Matthew and the Atlas
Matthew and the Atlas
- Singer/Songwriter
When it came time for fifth full-length ‘Many Times,’ Matt Hegarty needed to try something different. The Aldershot songwriter, better known as Matthew and The Atlas, was keen to follow up 2023’s ‘This Place We Live’ quickly, jumping straight back into the studio at the end of that same year. Tapping up Bear’s Den member and producer Kev Jones for the challenge, they approached ‘Many Times’ with a production style antithetical to its title: each song was to be recorded in as few takes as possible, stripped-back and direct-to-tape, with no overdubs.
This process, the pair explain, was intended to capture Matt’s songwriting in its purest form. Recorded over just two days at the iconic Rockfield Studios in Monmouth, Wales, “the idea was just to capture a moment in time that is very, very honest and open,” Jones says.

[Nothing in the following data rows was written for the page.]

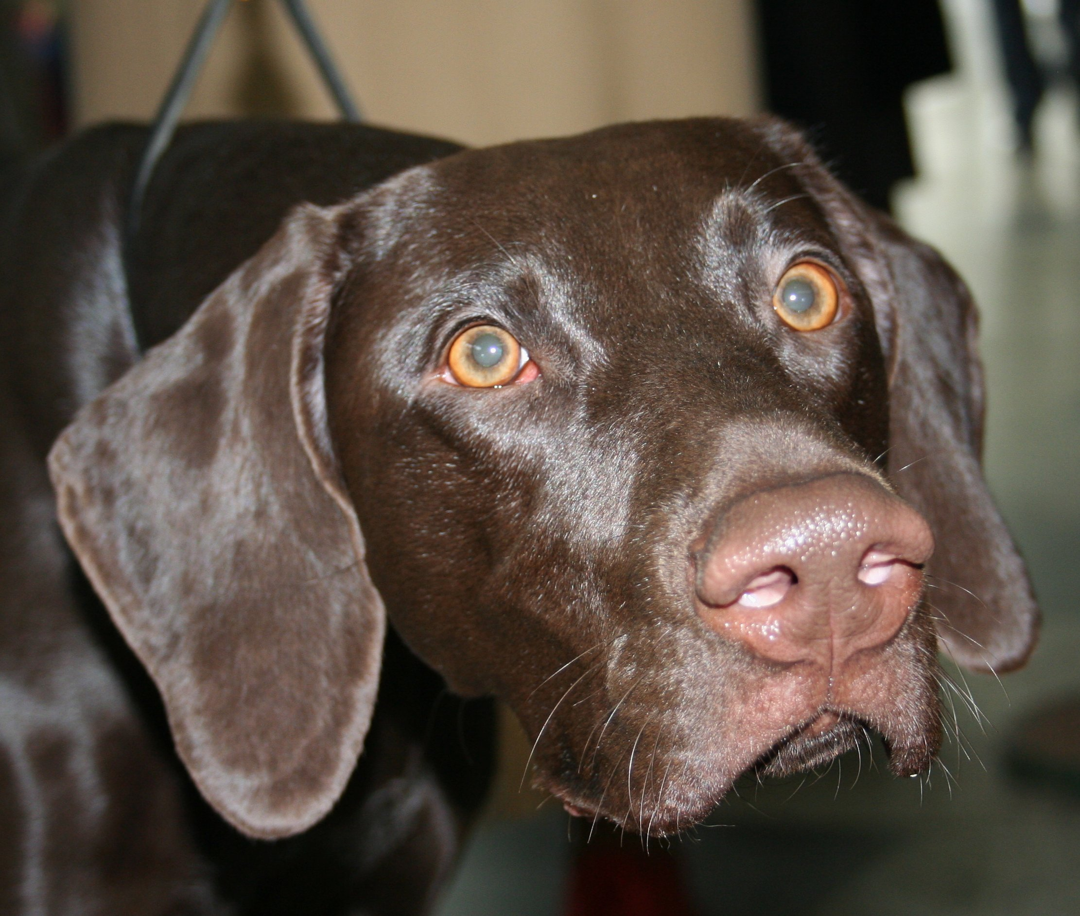 German Short - haired Pointing Dog during dogs show in Katowice, Poland
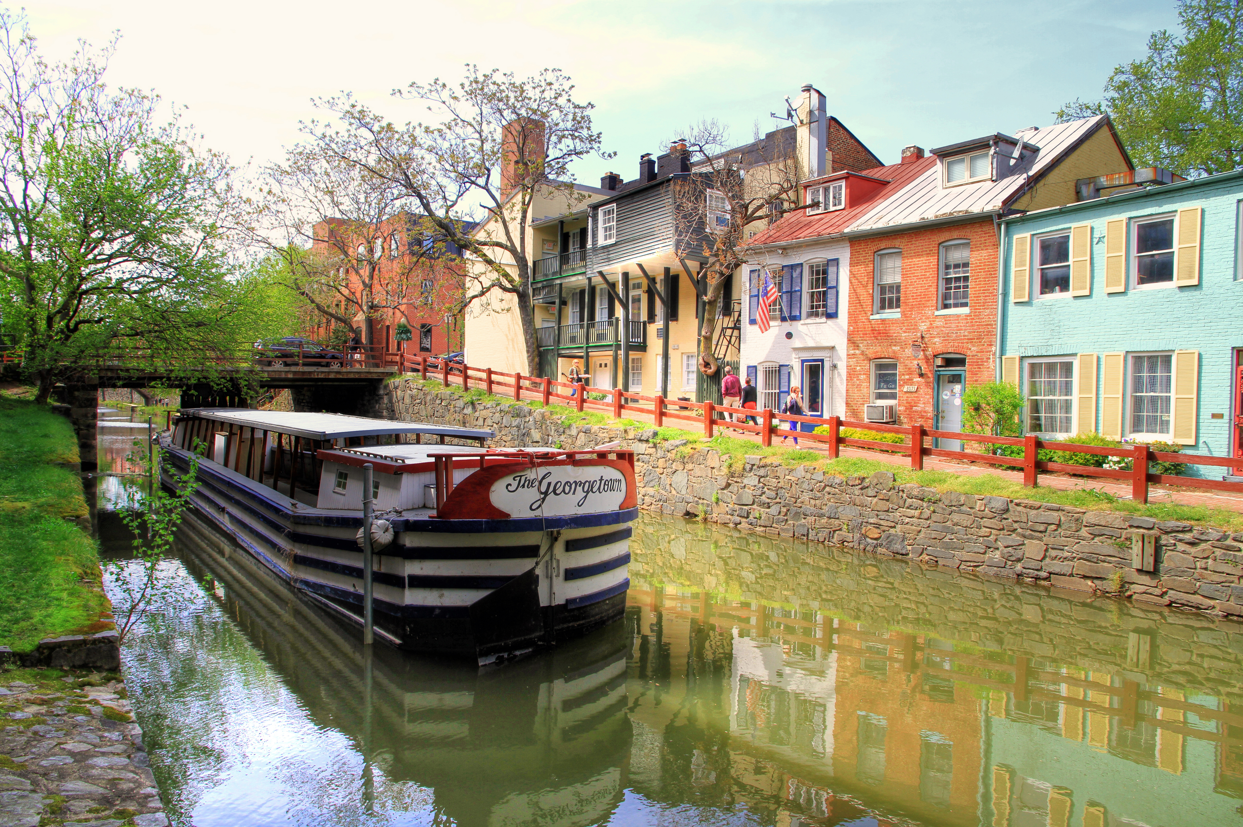 Tourist barge on the Chesapeake and Ohio Canal in Georgetown, Washington, DC
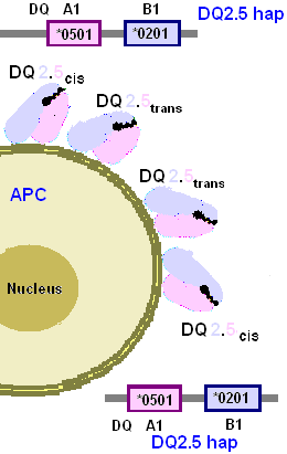 The image shows a single isoform is produced by DQA1*0501:DQB1*0201 homozygotes. Since each of alpha or beta can only pair with one type of beta or alpha, respective, cis and trans-haplotype recombination result in a single isoform, DQ2.5.
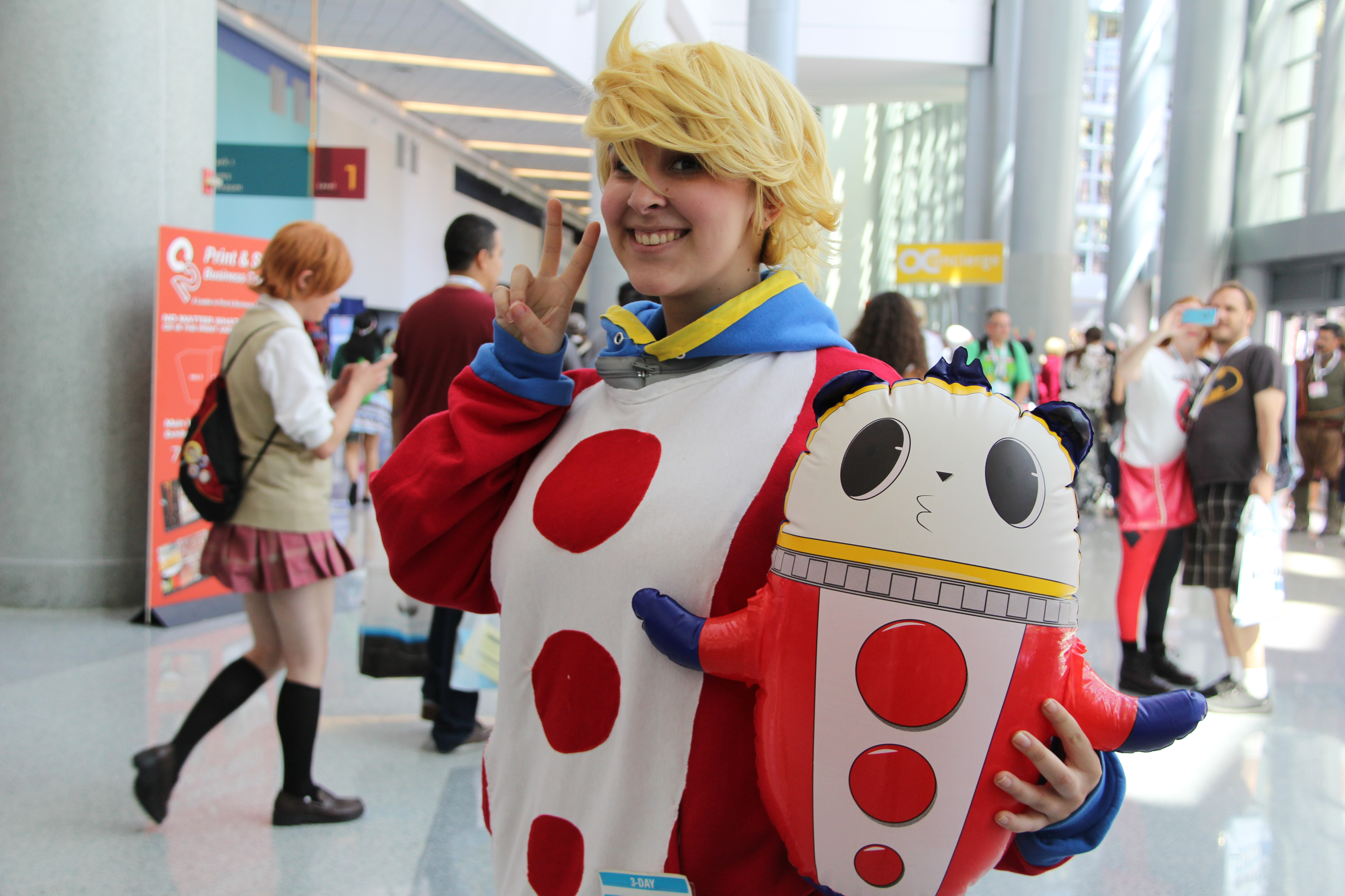 A cosplay of Teddie from Persona 4

Inspired in part by Nick Drake’s ‘Pink Moon’ (which was itself captured over just two nights).
“We said to ourselves that I shouldn’t rehearse too much,” says Matt. “It’s a balancing act – you have to write the songs, and know the melody and the lyrics, and how you’re going to perform it. But only up to a point – you’re still trying to capture something a bit truer to its original form; something you haven’t over-rehearsed or refined down.”
It’s an approach that was taken to avoid the slow gestation process and over-thinking that Matt openly admits led to the four-year gap between his previous two albums. “I definitely tend to disappear into my studio space,” he says of previous records, “There’s definitely been a lot of overthinking in my home studio, and working on things, and taking a lot longer than I thought.”

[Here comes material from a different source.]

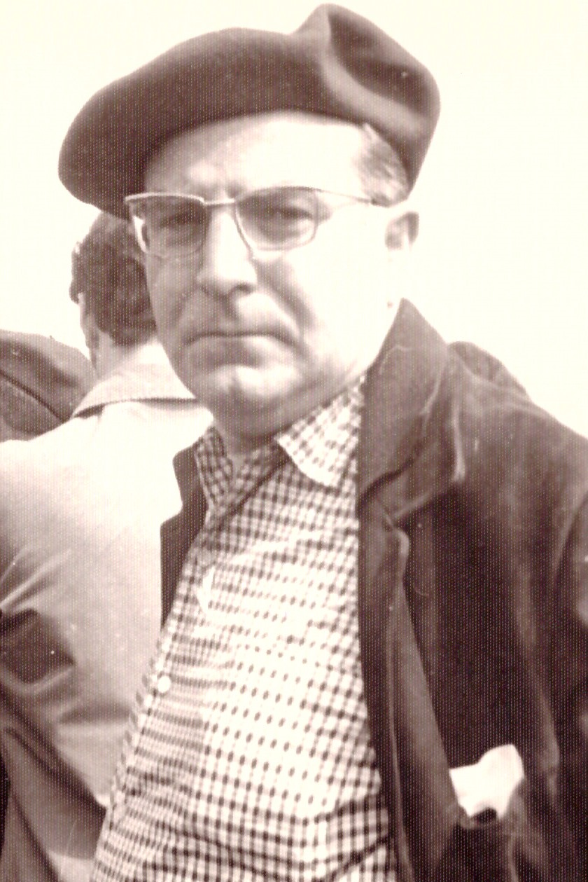 Carlist rally in May 1969, the summit of Montejurra. José Ángel Zubiaur Alegre during the act. Photo from JAZA, the private archive of José Ángel Zubiaur Alegre
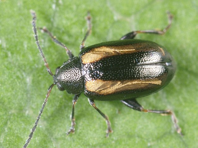 Phyllotreta undulata Location: The Netherlands - Abtsakkers

For ‘Many Times,’ then, it was a total about-face in terms of approach. “I really wanted to do the complete opposite of that,” Matt explains, “and not think about instrumentation – just think about songwriting.”
Capturing those songs in their rawest form led to some of ‘Many Times” most stunning moments coming from the most unlikely of places. From the engineer running around the studio mid-take, to re-position microphones while Matt was still ‘in the zone,’ to rhythmic thigh slaps from Kev during the recording of ‘Standing Here’ adding one of the record’s only embellishments – and taking the track to a new dimension in the process – it’s a record that thrives on its simplicity. “It’s because the elements are so simple, the minutiae is massive,” says Matt.

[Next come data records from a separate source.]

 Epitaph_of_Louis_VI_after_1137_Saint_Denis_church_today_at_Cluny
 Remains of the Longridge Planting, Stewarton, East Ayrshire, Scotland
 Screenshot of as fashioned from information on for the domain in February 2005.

“There was always an element of uncertainty about it, which I think was a good thing,” he continues of the recording process. Recording to tape – an expensive method in an increasingly digital age – “gave it an element of pressure,” he admits. But despite the pressure Matt might have felt, ‘Many Times’ feels like Matthew and The Atlas’ most effortless release in a decade.
“You’ve got nowhere to hide, the songs have to speak for themselves,” says Kev of the approach, and it’s something Matt agrees with. The result is a record which houses some of Matthew and The Atlas’ most brilliant songs to date.
Joel Porter
- Singer/Songwriter
Joel Porter sits in his studio in Nashville, an heirloom of sorts, where you can still hear the echoing sounds of a decade’s worth of music from the journeyman artists who helped usher him toward his version of a modern bard’s life. As an artist, composer, producer, and songwriter, Porter’s work embodies the endless landscapes of a youth spent in the plains of North Dakota, shifting borders of a genre often reduced to “alternative folk.” His latest release, A Costly Collection (2023), marks a continued journey with long-time collaborator Eric Hillman of Foreign Fields, following the path laid by the Mountain Twin EP (2017) and the Hiraeth EP (2018). Porter’s songs delve into the complexities of family, solitude, and the quiet tension of being both connected and isolated. On St. Anthony (from Mountain Twin), we eavesdrop on his apprehension to “writing songs that make my father cry.” In Amaranthine (from Hiraeth), we witness his plea to “tempt a friendly death, among my reminisced,” a meditation on loss and connection. By the time we reach “on your nape, I trace your spots and markers” in Little Tooth (from A Costly Collection), the listener is swept into Porter’s intimate world, where love, vulnerability, and change coalesce. Porter and Hillman form a sonic guyline— a creative thread running through a genre often muddled by fleeting trends and hollow experimentation. Their music is an invitation to a prodigal world, equal parts storytelling and confession, and a prompt to explore and understand the universal joys and struggles of the human journey a little better.